Jan
15
Procédure, pragmatisme et pièges divers...

Une clause contractuelle de recours à l'expertise médicale doit être mise en jeu avant d'assigner devant le tribunal. A défaut le demandeur peut se voir opposer ...une fin de non -recevoir au visa de l'article 123 du C.P.C .

Cassation chambre commerciale 22 octobre 2012 n°11-23.864, F-D, jurisData n°2012-023963.

Dans le cas d'espèce c'est devant la Cour d'appel seulement que le défendeur soulève la fin de non-recevoir car celle-ci peut-être soulevée à n'importe qu'elle hauteur de la procédure. Reste que l'article 123, comme le relève très justement le Professeur PERROT dans son commentaire d'arrêt publié dans la revue PROCEDURES de ce mois de janvier page 14, a été rédigé à une époque où les contrat ne prévoyait pas de clause de conciliation ou d'expertise. Il est loisible de s'étonner qu'une partie puisse ne pas être considérée comme ayant renoncé au bénéfice de la clause pour avoir conclu au fond sans l'invoquer. A défaut la prime faite du défendeur ne fait pas grandir la loyauté des débats...Et alors ? Elle n'est pas présumée avoir renoncé pour autant au bénéfice de la clause....Je le note.

Lorsque la loi ne fixe pas de délai de comparution les dispositions des articles 643 et 645 du CPC qui ont pour objet d'augmenter un tel délai ne peut pas s'appliquer. Même auteur, même revue page 15.

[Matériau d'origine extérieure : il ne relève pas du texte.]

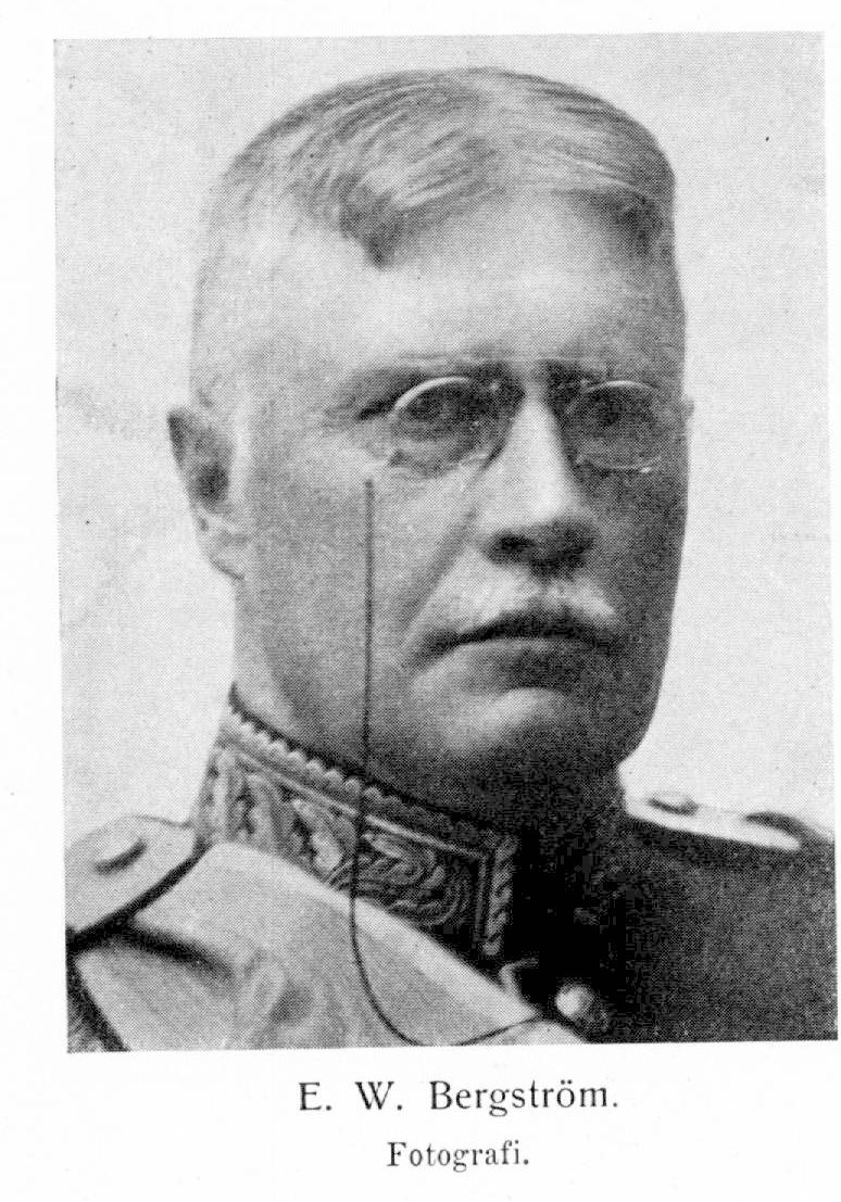 Bergström, Erik Walter, f. 5 apr. 1857 i S:t Lars församling. Föräldrar: hovrättsnotarien och lantbrukaren Svante Bergström och Anna Charlotta Juberg. Intogs i Linköpings h. allmänna läroverk 1866; avlade mogenhetsexamen därstädes 8 juni 1877; volontär vid andra livgrenadjärregementet 14 mars s. å.; avlade officersexamen 19 okt. 1878; passerade graderna vid garnisonskommendering i Karlskrona s. å.; underlöjtnant utan lön vid ovannämnda regemente 15 nov. s. å.; transporterad till underlöjtnant vid Gottlands nationalbeväring 3 jan. 1879; v. adjunkt vid Linköpings h. allmänna läroverk 1 mars s. å. —maj 1880; elev vid krigshögskolan 1880—82; deltog i Svea artilleriregementes vapenövningar 1881; aspirant vid generalstaben under två och ett halvt år från 1 okt. 1882 och var därunder bl. a. kommenderad vid lantförsvarsdepartementets kommandoexpedition 1 jan.—15 apr. 1884 samt vid Kronprinsens husarregemente 15 apr. —1 juli s. å.; har deltagit i ett stort antal fält- och fälttjänstövningar, såsom i generalstabens fältövningar 1883, 1886, 1889, 1890, 1897 och 1901, i fälttjänstövningarna i Skåne 1889 liksom i utarbetandet av den över desamma avgivna berättelsen samt i vinterfältövningarna i Norrbotten 1918; löjtnant vid Gottlands nationalbeväring 10 juli 1884; tjänstgjorde vid generalstabens topografiska avdelning 1 okt. 1885 till vapenövningarnas början 1886; stabsadjutant och löjtnant vid generalstaben 12 mars 1886; tjänstgjorde med vissa avbrott för trupptjänstgöring (bl. a. vid andra livgardet 1 nov. 1887—30 sept. 1888 samt vid första livgrenadjärregementet under beväringsrekrytskola och regementsmöte med försöksmobilisering 1900) vid generalstabens huvudstation 1886 —1900; lärare vid artilleri- och ingenjörhögskolan 15 juli 1888 —1895; stabsadjutant och kapten i generalstaben 11 sept. 1891; kapten i Gottlands infanteriregemente 7 aug. 1896; lärare vid krigshögskolan 1 apr. 1898—30 juni 1899; överadjutant och major i generalstaben 8 juli 1898; stabschef vid tredje arméfördelningen 28 sept. 1900; åtföljde såsom föredragande i kommandoärenden konungen till Norge 29 mars—19 apr. 1901; överstelöjtnant vid Kalmar regemente 7 mars 1902; kommenderad till fältartilleriets skjutskola 1903 och 1905; överste och chef för Västgöta regemente 1 juli 1904; bevistade krigsbefälets sammanträden 1905, 1907 och 1908; ledamot av kasernförläggningskommittén inom tredje arméfördelningen 1906; stadsfullmäktig i Skövde s. å.; lärare vid taktiska utbildningskurser för kaptener (ryttmästare) 1909, 1910 och 1911; militärbefälhavare på Gottland och överste i Gott-lands infanteriregemente samt generalmajor i armén 25 juni 1912; chef för trettonde självständiga infanteribrigaden under fälttjänst-övningarna i Västergötland 30 sept—5 okt. s. å.; kommenderad vid fästnings- och positionsartilleriets skjutskola juli 1913; militärbefälhavare över Gottlands mobiliserade stridskrafter 2 aug. 1914 —31 dec. 1916; generalmajor och chef för fjärde arméfördelningen 1 jan. 1917; generallöjtnant och inspektör för infanteriet 14 juli 1919; arméchef vid arméfältövningarna 1919 och vid fälttjänst-övningarna i Södermanland 1920; erhöll avsked 4 apr. 1922. RSO 1899; LKrVA 1900; KSO2kl 1907; KSO1kl 1912; GV:sOIM s. å.; KmstkSO 1919; innehar dessutom utländska ordnar.

Il s'agissait dans le cas d'espèce de convoquer après dépôt d'une requête en rectification d'erreur matérielle (article 462 du CPC) une partie ayant son domicile au Canada. D'accord pour dire que la poste est fiable, et qu'il existe des fax des mails et que le défendeur peut se faire représenter. Il y a aussi une principe selon lequel le tribunal doit s'assurer que la partie convoquée ou assignée à eu le temps matériel de comparaître , le tribunal ayant toute latitude pour fixer par ailleurs le délai qu'il entend. Rappelons que l'absence de délai légal ne fait pas disparaître les difficultés liées à la distance. En plus ici il s'agissait de voir rectifier un jugement ancien de quatre ans. Cassation 2ième Ch. Civile 18 octobre 2012, n°11-24.807, F-P+B, JurisData n°2012023353.

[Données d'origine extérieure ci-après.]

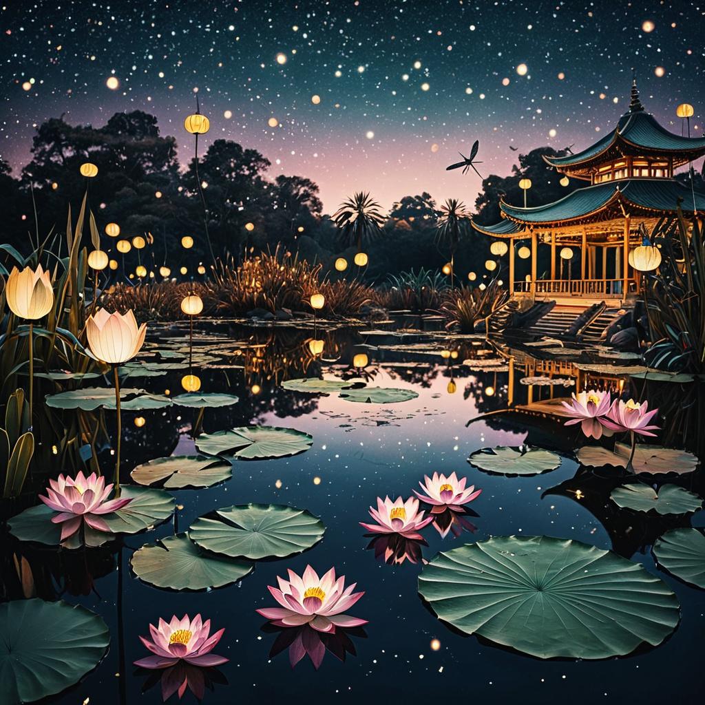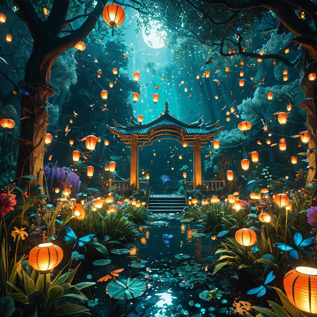 A fantastical mythical garden illuminated by numerous glowing floating lanterns and vibrant butterflies. The garden features lush vegetation, reflective water with lily pads, and an ornate traditional Asian-style pavilion under a bright full moon. The scene is artistically inspired, with captivating lighting and vibrant colors enhancing the whimsical atmosphere.

Un jugement est rendu par défaut. Il se périme après six mois de délai s'il n'a pas été signifié( article 478 du CPC) Le défendeur finit par faire appel sans doute pour se prémunir de toute difficulté...erreur, la Cour de Cassation estime que l'appel fait présumé, tiens donc, la renonciation de l'appelant à se prévaloir des dispositions précisant que passé le délai en question le jugement est non avenu. Cassation 2ième Chambre Civile 15 novembre 2012 N°11-20.024, F-D, JurisData n°2012-029126.

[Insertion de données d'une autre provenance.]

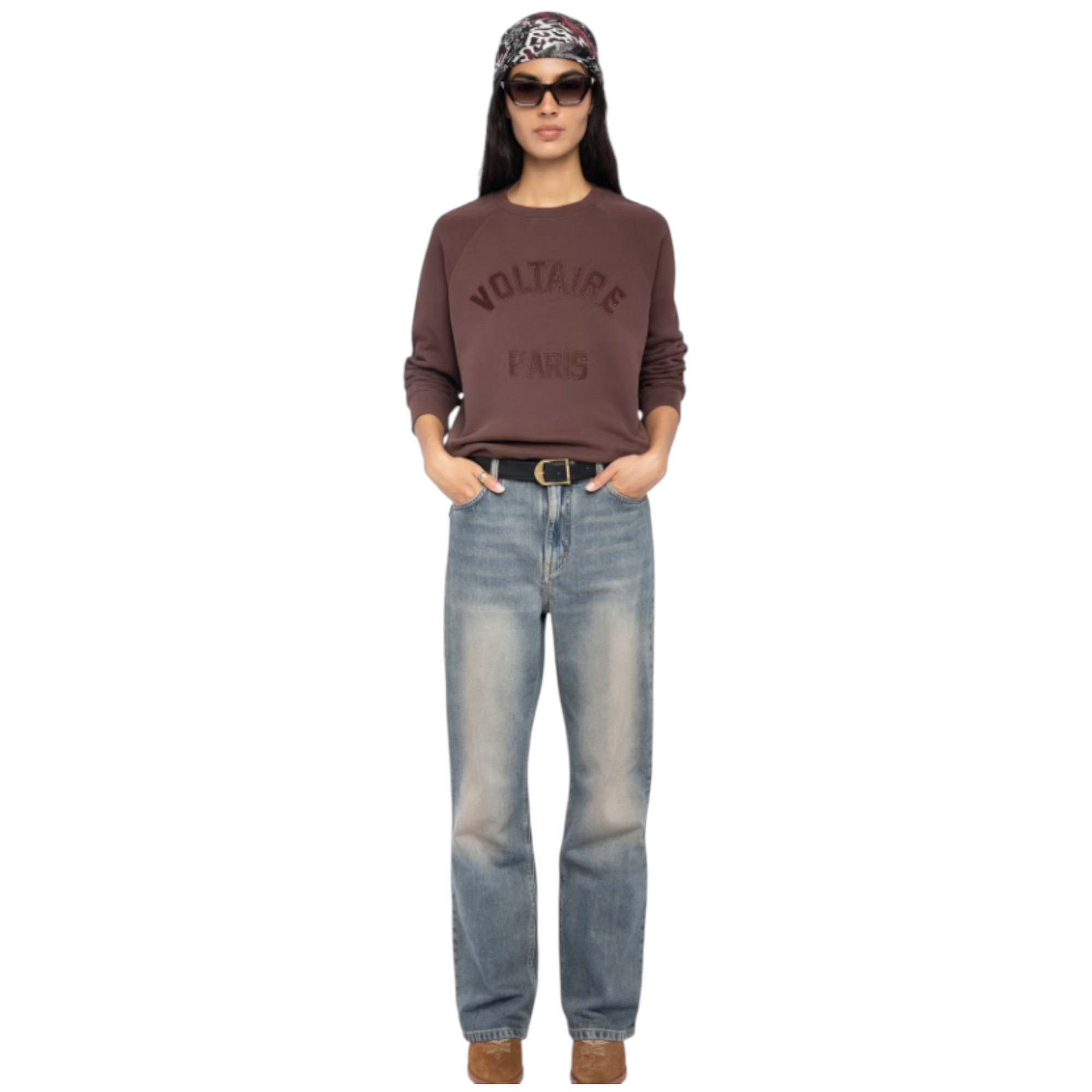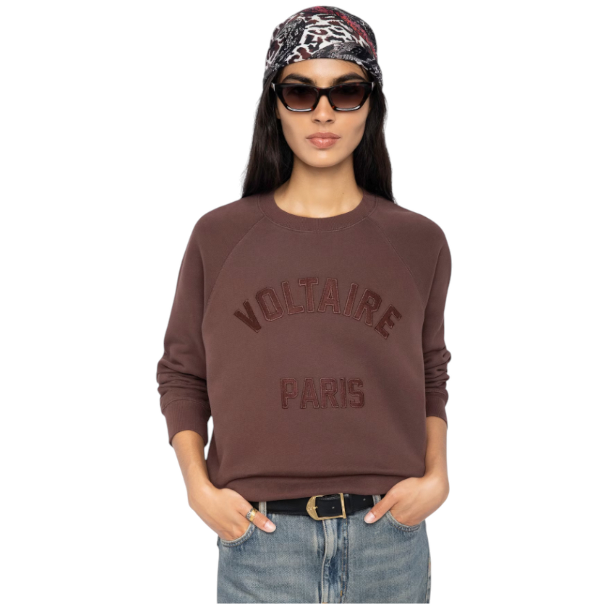 Sweatshirt i bomuld med rund hals og lange ærmer. Broderet “Voltaire Paris” patch på brystet.

Donc vous êtes présumé ou pas selon...

Sachons grâce à la cour de cassation que le défendeur est recevable à faire appel d'un jugement périmé. Quelle époque formidable. Question : Si l'appelant ne conclut pas dans les deux mois, son appel est irrecevable. Le jugement non avenu est-il toujours périmé ? "Logiquement, ce serait cohérent" on peut croire que oui...mais la cour de cassation n'a pas encore répondu.